*WORK INSTRUCTION*
Reproduce the complete set of records exactly. No picture is to appear in the copy.

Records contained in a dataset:
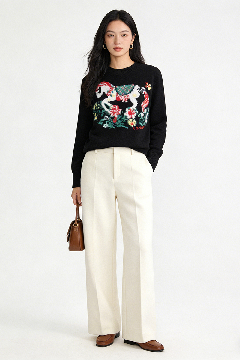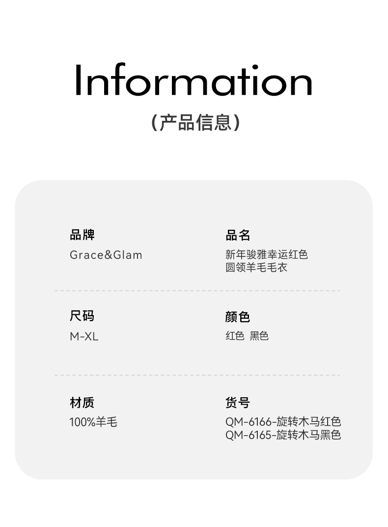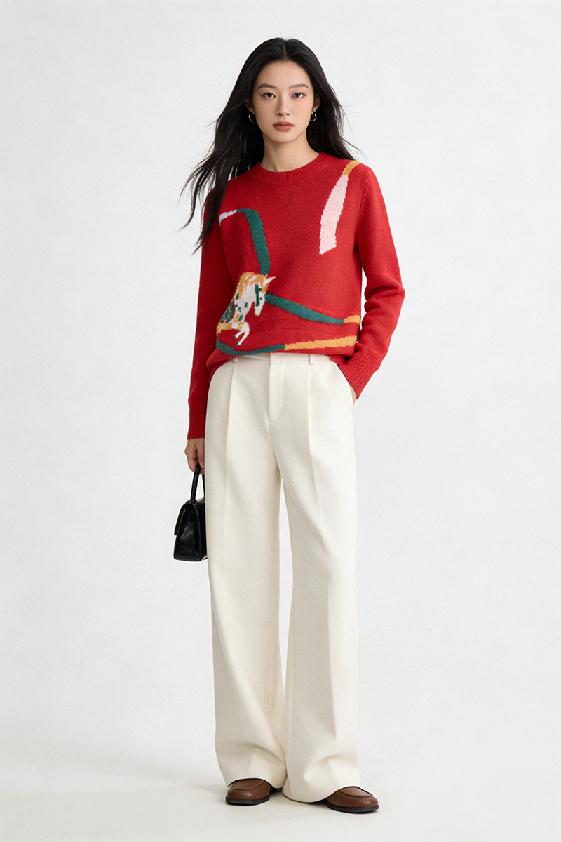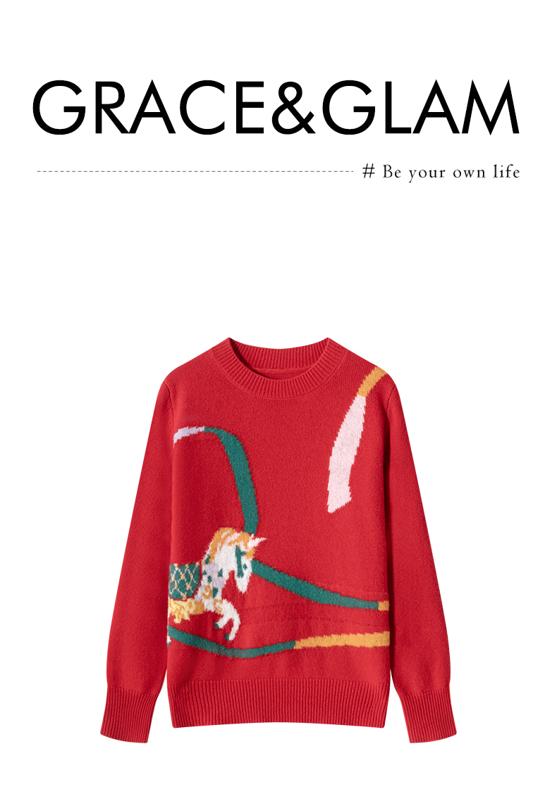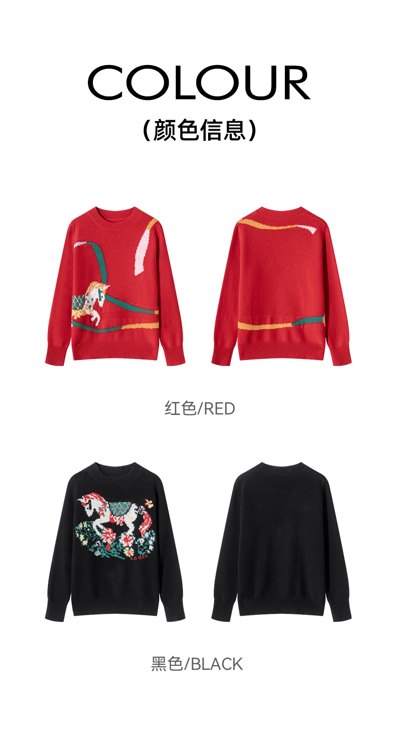 100%羊毛 新年幸运红色圆领羊毛毛衣 A-5751
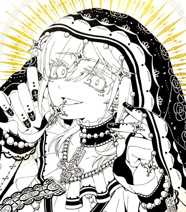 0 7 【創作絵】光よ神を騙れ【アナログ】 (過去上げた色紙絵を微調整しました) #創作 #イラスト #アナログ #オリジナル #ゴシック 22/09/24 15:25
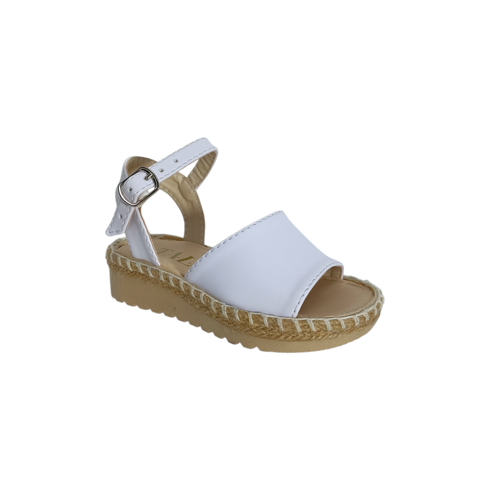 Estas hermosas alpargatas infantiles en color Blanco son el complemento ideal para darle un toque elegante y moderno a cualquier outfit. Su diseño combina un acabado brillante tipo piel metálica con suela estilo yute, creando un equilibrio perfecto entre frescura, tendencia y comodidad.
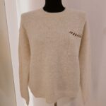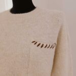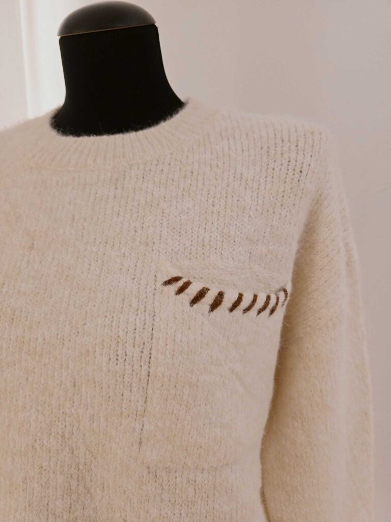 Le col rond classique encadre délicatement le cou et met en valeur la ligne du visage, tandis que la poche plaquée sur la poitrine apporte une touche d’originalité subtile. Le détail torsadé sur la poche ajoute une dimension artisanale et tendance, rappelant le charme des tricots faits main. Ce petit accent texturé donne du caractère à la pièce tout en restant sobre et facile à porter.
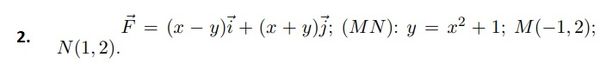 2) А= ∫(F*dr)= ∫Fx*dx+Fy*dy= ∫(x-x^2-1)dx+(x+x^2+1)dy dy=2xdx A=∫(x-x^2-1)dx+(x+x^2+1)2xdx интеграл от -1 до 1 A=∫(x-x^2-1+2x^2+2x^3+2x)dx A=∫(-1+x^2+2x^3+3x)dx

*WRITTEN ANSWER*
 100%羊毛 新年幸运红色圆领羊毛毛衣 A-5751
 0 7 【創作絵】光よ神を騙れ【アナログ】 (過去上げた色紙絵を微調整しました) #創作 #イラスト #アナログ #オリジナル #ゴシック 22/09/24 15:25
 Estas hermosas alpargatas infantiles en color Blanco son el complemento ideal para darle un toque elegante y moderno a cualquier outfit. Su diseño combina un acabado brillante tipo piel metálica con suela estilo yute, creando un equilibrio perfecto entre frescura, tendencia y comodidad.
 Le col rond classique encadre délicatement le cou et met en valeur la ligne du visage, tandis que la poche plaquée sur la poitrine apporte une touche d’originalité subtile. Le détail torsadé sur la poche ajoute une dimension artisanale et tendance, rappelant le charme des tricots faits main. Ce petit accent texturé donne du caractère à la pièce tout en restant sobre et facile à porter.
 2) А= ∫(F*dr)= ∫Fx*dx+Fy*dy= ∫(x-x^2-1)dx+(x+x^2+1)dy dy=2xdx A=∫(x-x^2-1)dx+(x+x^2+1)2xdx интеграл от -1 до 1 A=∫(x-x^2-1+2x^2+2x^3+2x)dx A=∫(-1+x^2+2x^3+3x)dx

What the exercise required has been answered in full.